═════ Records provided

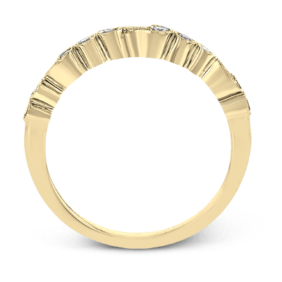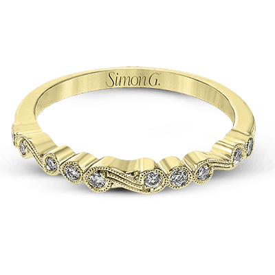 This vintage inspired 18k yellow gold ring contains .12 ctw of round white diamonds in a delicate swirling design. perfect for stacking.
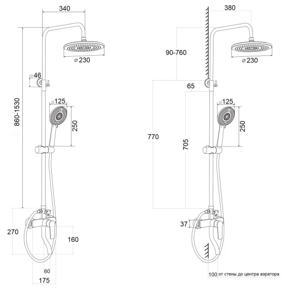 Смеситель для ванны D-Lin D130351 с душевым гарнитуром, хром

══════════
═════ Records provided

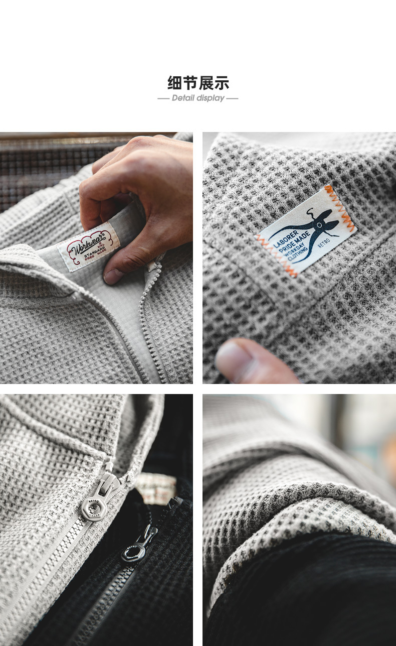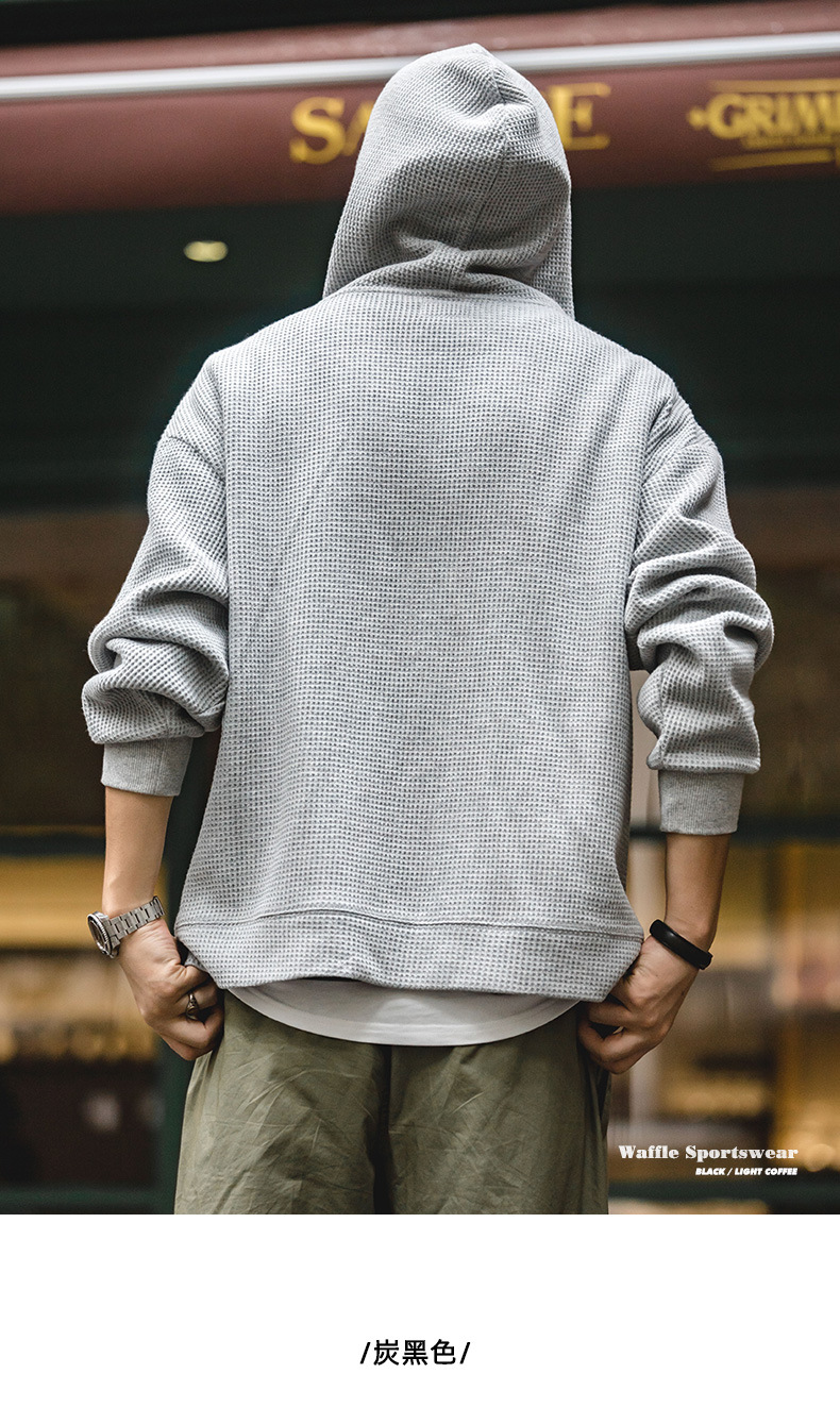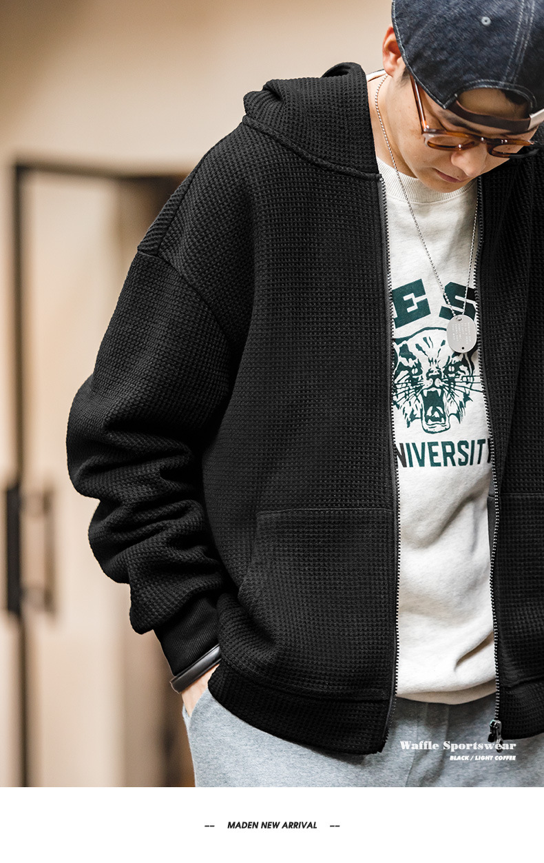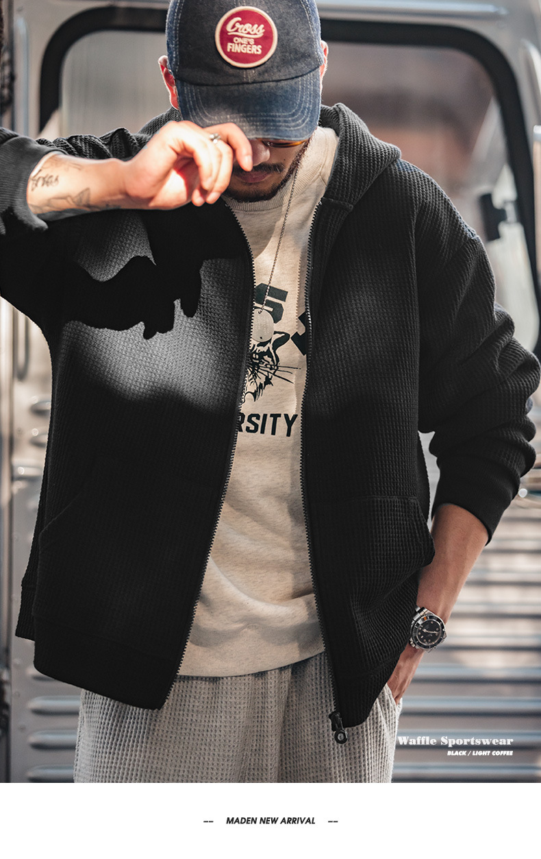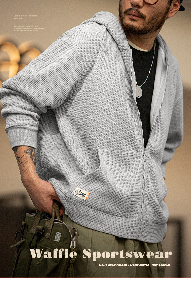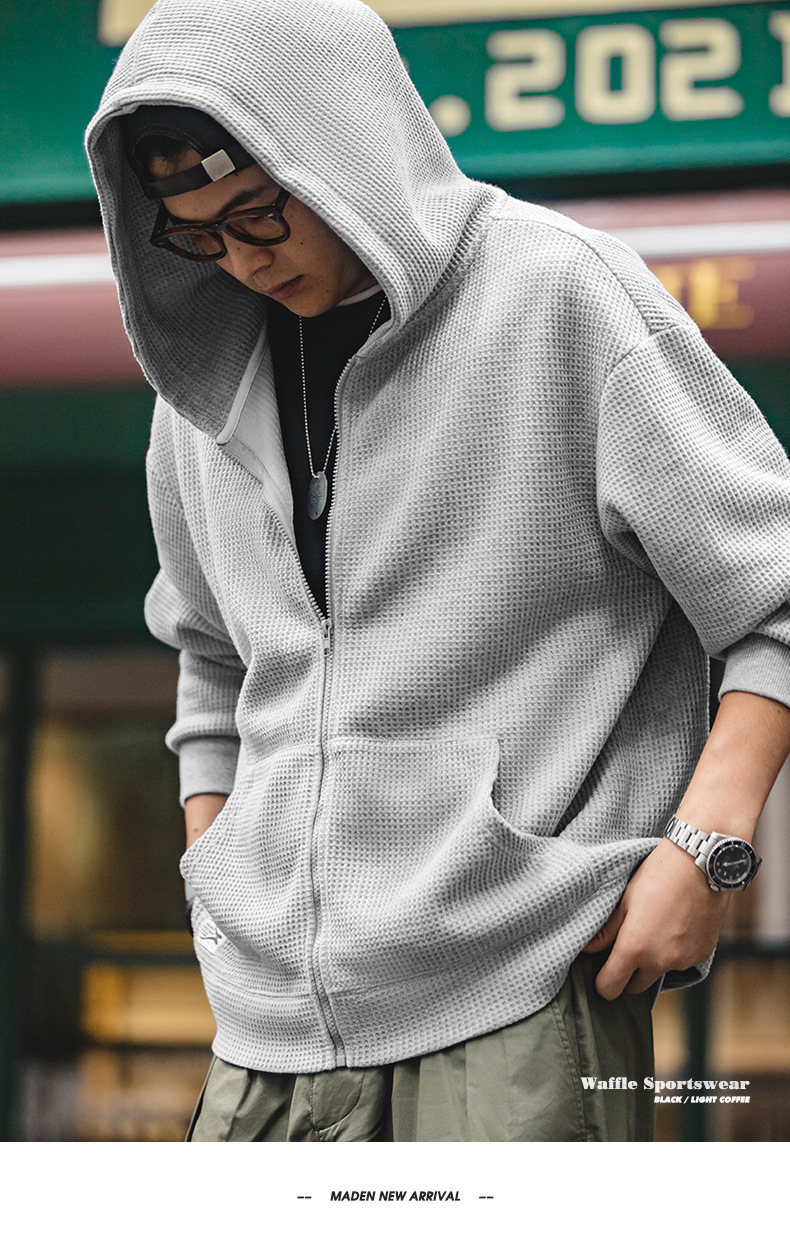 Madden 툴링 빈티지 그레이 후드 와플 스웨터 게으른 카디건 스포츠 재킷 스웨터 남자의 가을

══════════

__Problem to work on__
Return exactly the lines of the material above, starting at the line containing "This vintage inspired" and finishing at the line containing "Смеситель для ванны", without any pictures.

__Answer box__
 This vintage inspired 18k yellow gold ring contains .12 ctw of round white diamonds in a delicate swirling design. perfect for stacking.
 Смеситель для ванны D-Lin D130351 с душевым гарнитуром, хром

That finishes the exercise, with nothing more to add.